Further down are entries; set down exactly and only the lines from the one with "Дом с хорошей" up to and including the one with "Lappartamento si distingue", dropping each picture.

*** Opening EXTRACTED MATERIAL ***

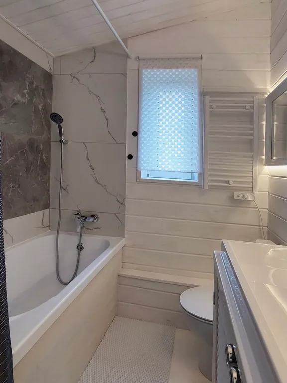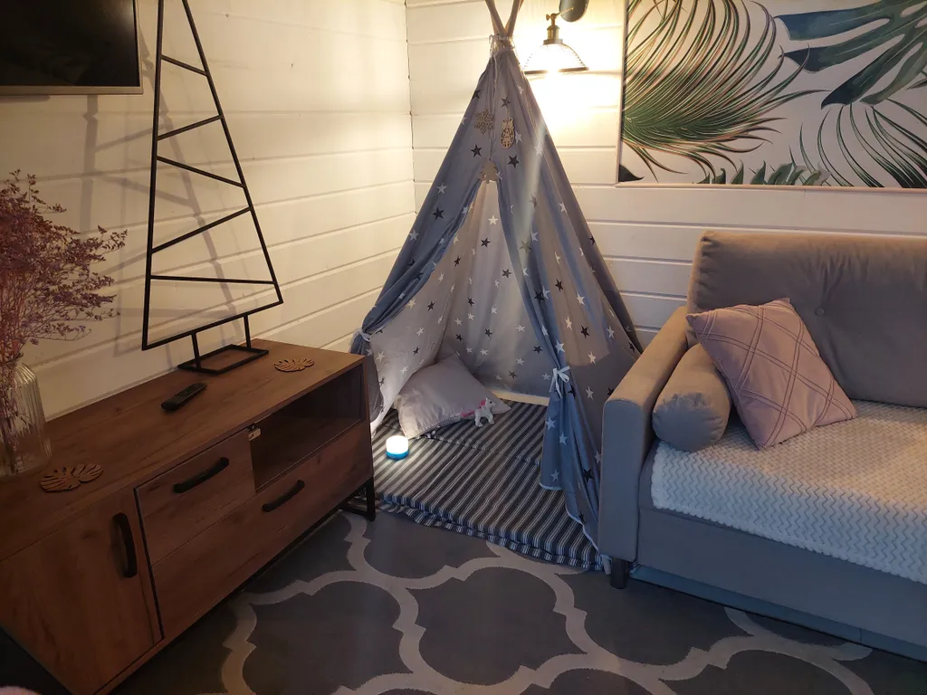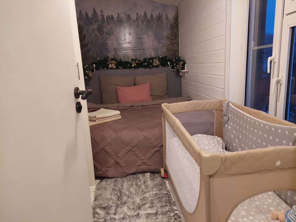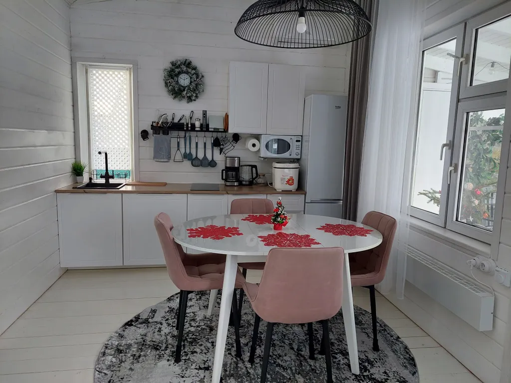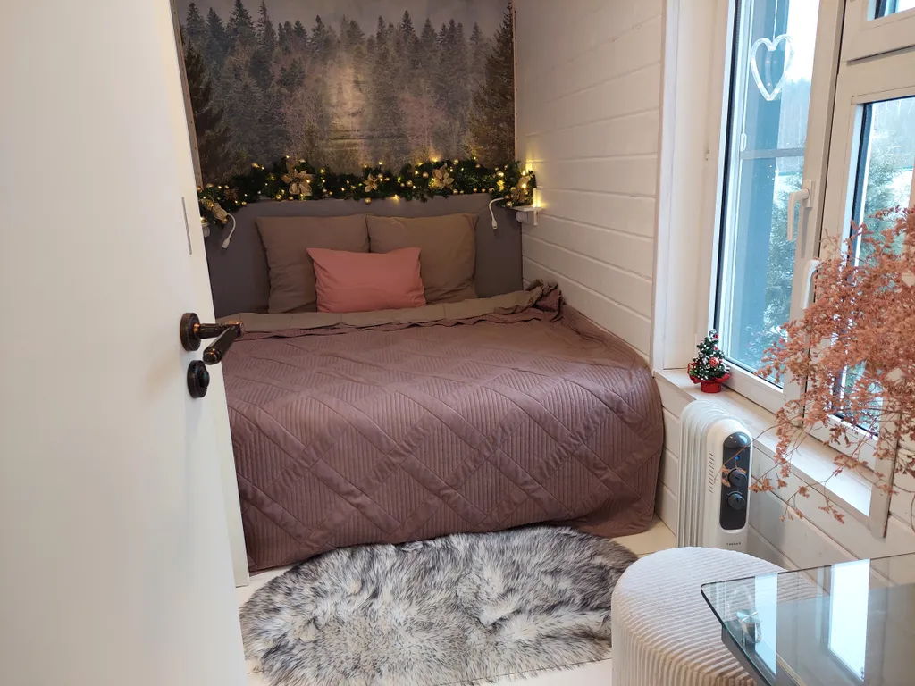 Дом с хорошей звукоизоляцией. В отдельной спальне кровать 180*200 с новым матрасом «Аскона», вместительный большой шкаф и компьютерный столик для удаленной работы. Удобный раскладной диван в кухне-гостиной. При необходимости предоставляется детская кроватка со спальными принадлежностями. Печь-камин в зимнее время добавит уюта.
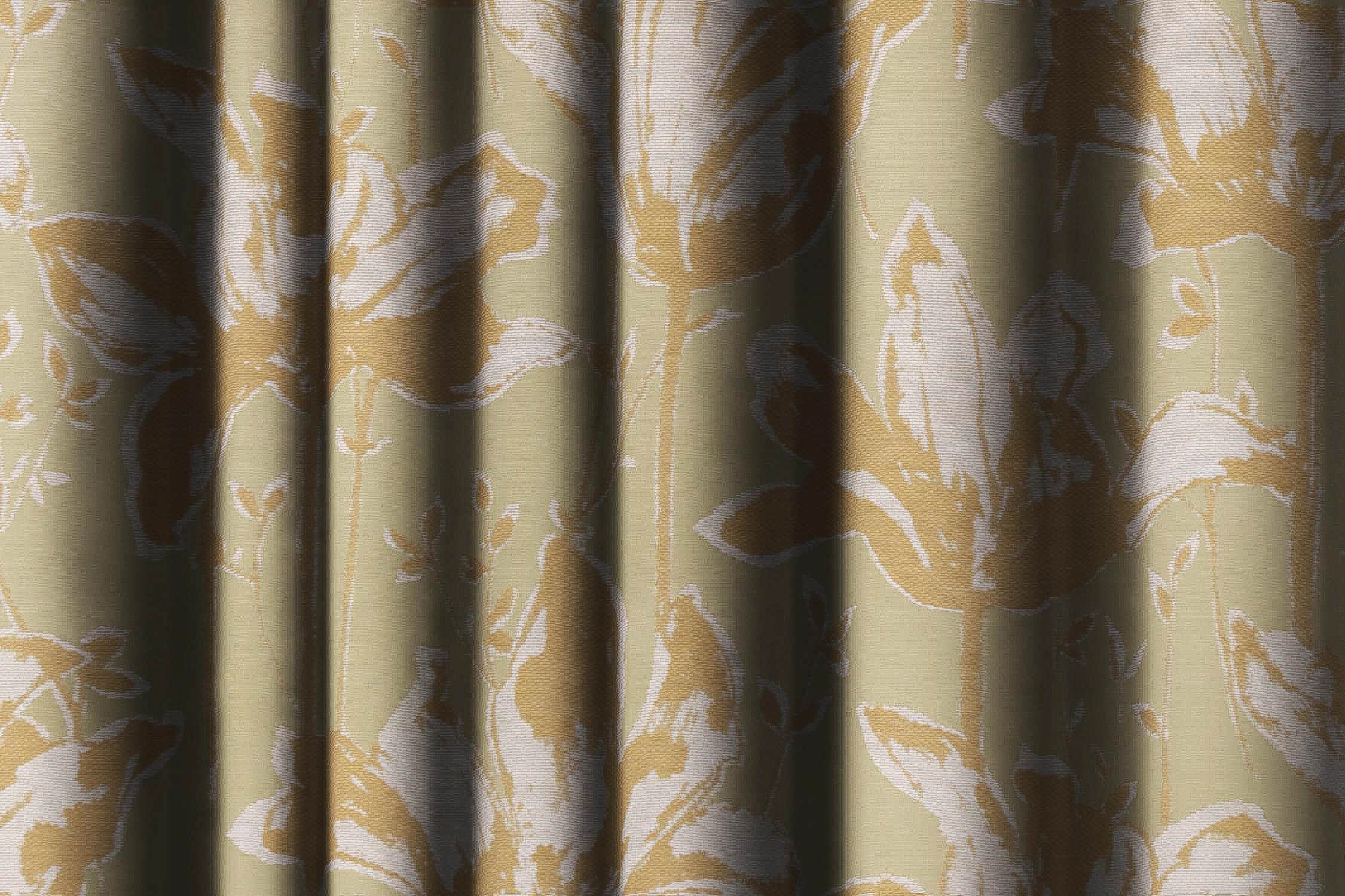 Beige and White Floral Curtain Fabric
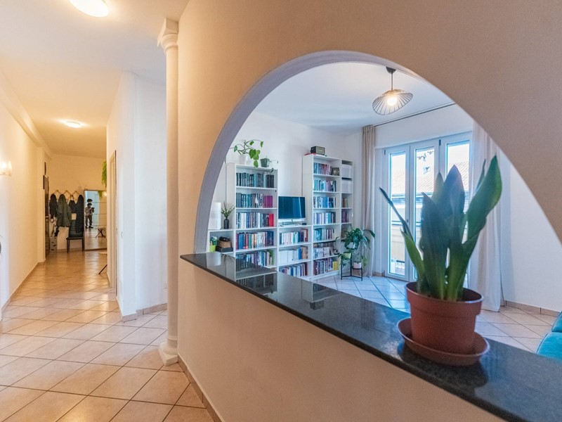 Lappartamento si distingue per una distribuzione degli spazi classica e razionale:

*** Closing EXTRACTED MATERIAL ***
*** Opening EXTRACTED MATERIAL ***

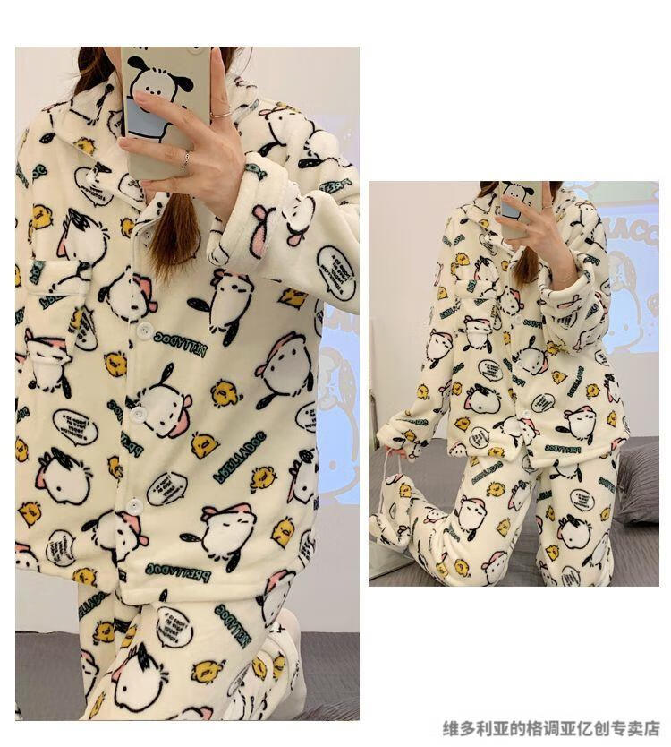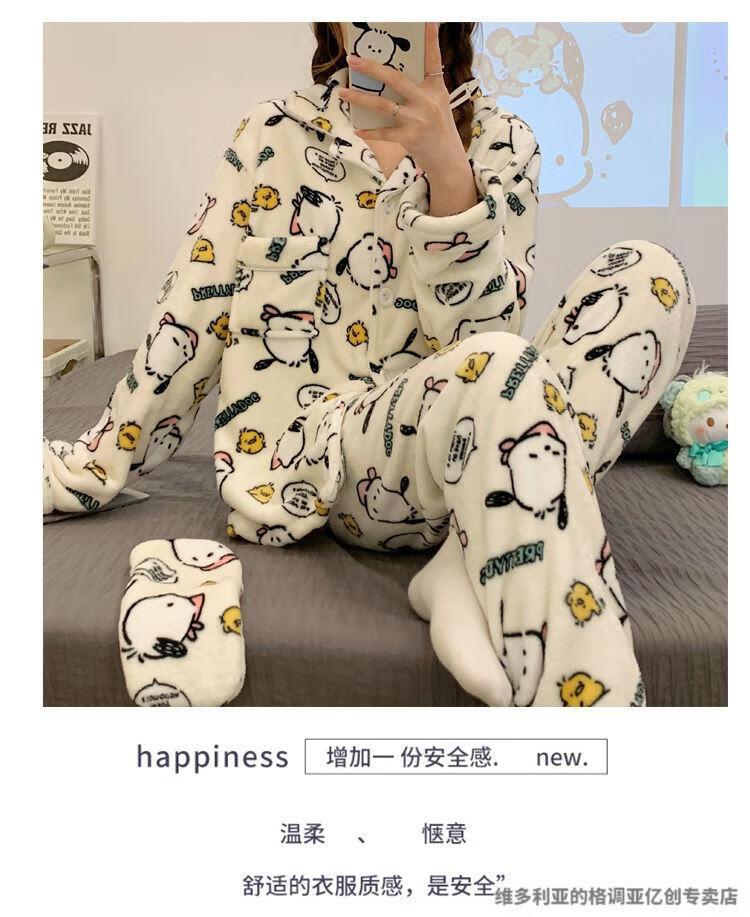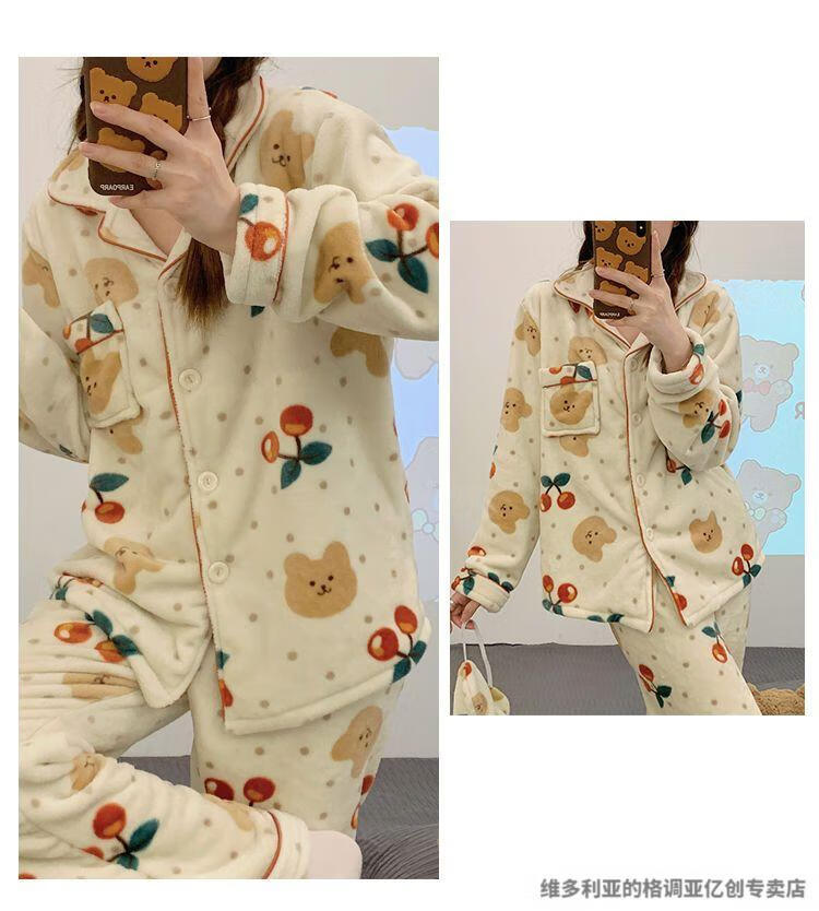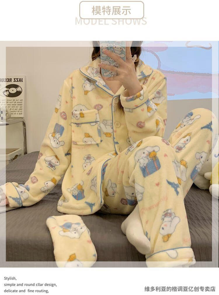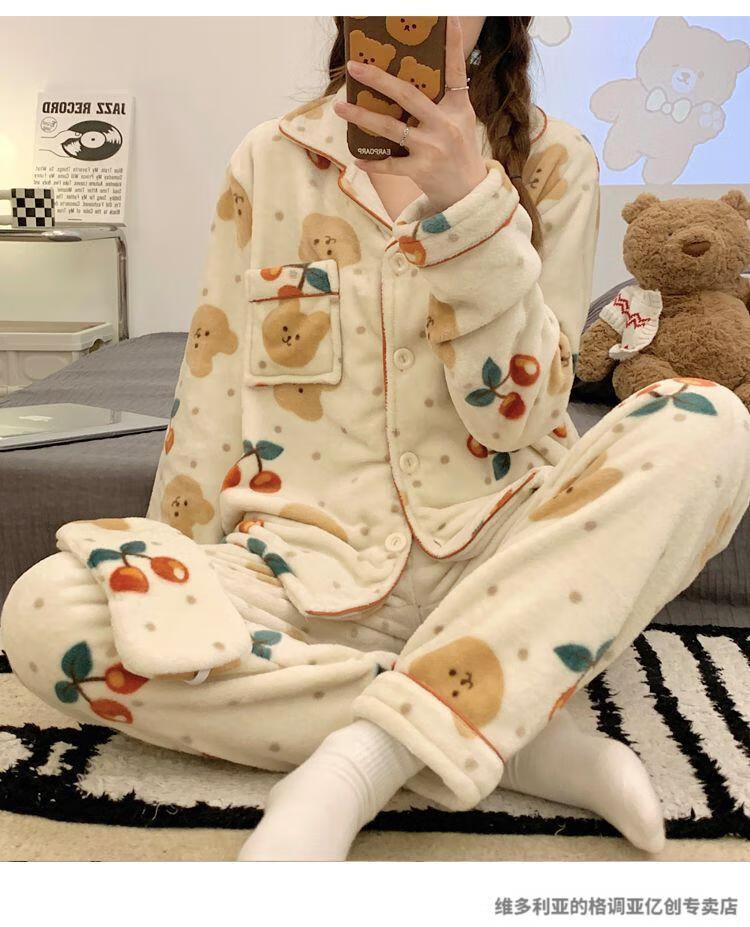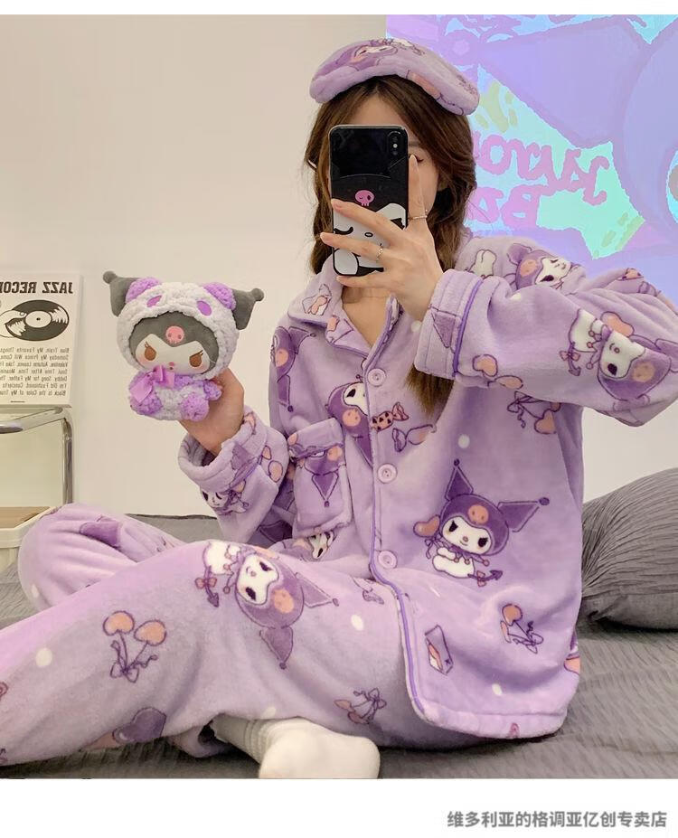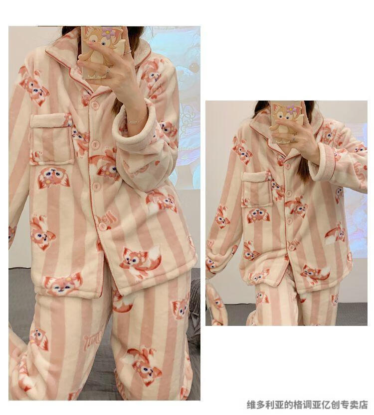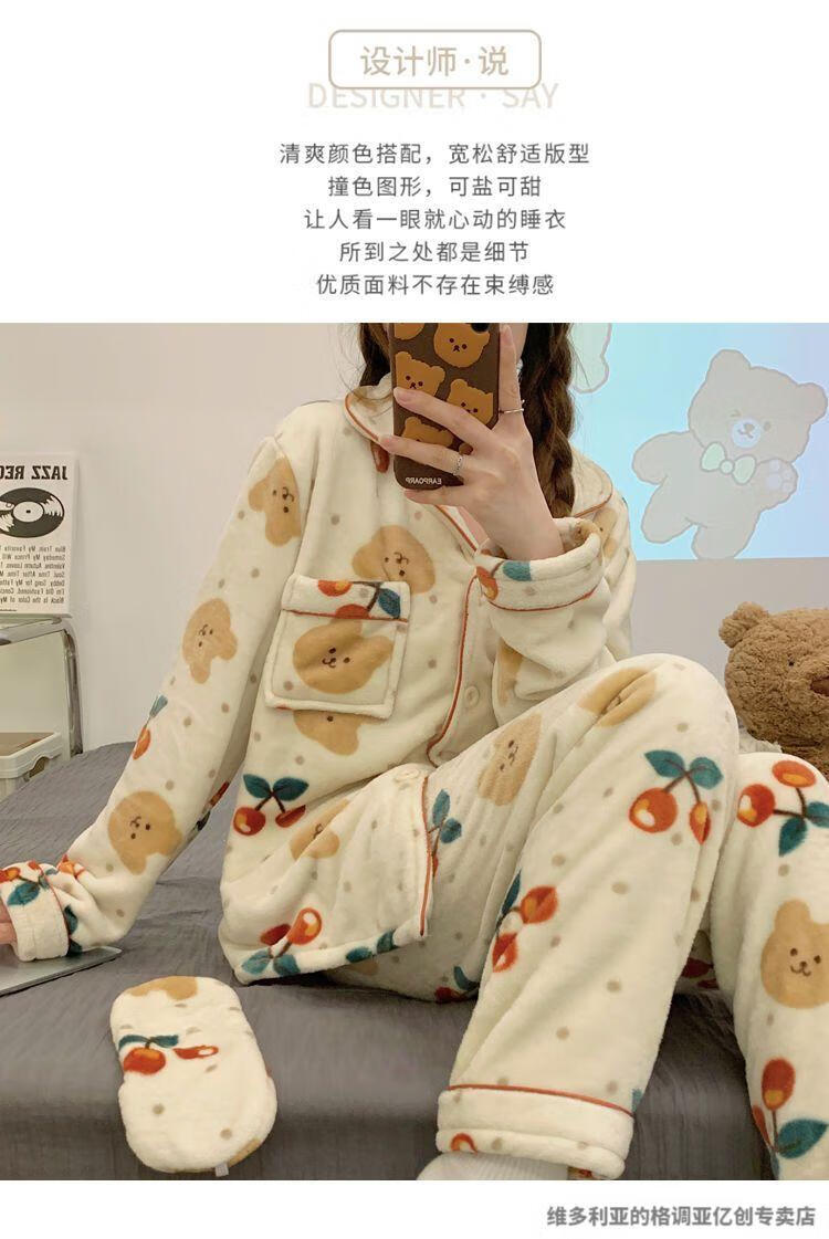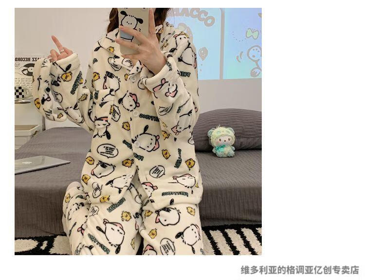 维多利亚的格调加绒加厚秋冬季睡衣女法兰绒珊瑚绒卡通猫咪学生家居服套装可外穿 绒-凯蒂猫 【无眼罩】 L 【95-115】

*** Closing EXTRACTED MATERIAL ***
*** Opening EXTRACTED MATERIAL ***

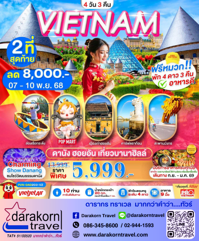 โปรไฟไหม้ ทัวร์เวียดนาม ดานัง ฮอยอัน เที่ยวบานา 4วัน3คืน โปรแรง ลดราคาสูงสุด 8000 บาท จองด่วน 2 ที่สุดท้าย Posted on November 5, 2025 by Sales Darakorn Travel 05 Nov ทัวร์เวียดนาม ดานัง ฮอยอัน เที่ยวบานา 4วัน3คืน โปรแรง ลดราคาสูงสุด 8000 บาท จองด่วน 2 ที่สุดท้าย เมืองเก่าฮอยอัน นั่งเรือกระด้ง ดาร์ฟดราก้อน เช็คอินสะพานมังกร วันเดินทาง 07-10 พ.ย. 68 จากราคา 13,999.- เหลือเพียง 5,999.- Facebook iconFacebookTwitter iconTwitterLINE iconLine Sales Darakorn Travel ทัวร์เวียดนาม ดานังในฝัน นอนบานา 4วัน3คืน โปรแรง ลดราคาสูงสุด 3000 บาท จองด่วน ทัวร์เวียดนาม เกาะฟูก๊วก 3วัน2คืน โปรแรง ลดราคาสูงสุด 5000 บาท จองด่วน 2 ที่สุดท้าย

*** Closing EXTRACTED MATERIAL ***

RESPONSE AREA:
 Дом с хорошей звукоизоляцией. В отдельной спальне кровать 180*200 с новым матрасом «Аскона», вместительный большой шкаф и компьютерный столик для удаленной работы. Удобный раскладной диван в кухне-гостиной. При необходимости предоставляется детская кроватка со спальными принадлежностями. Печь-камин в зимнее время добавит уюта.
 Beige and White Floral Curtain Fabric
 Lappartamento si distingue per una distribuzione degli spazi classica e razionale:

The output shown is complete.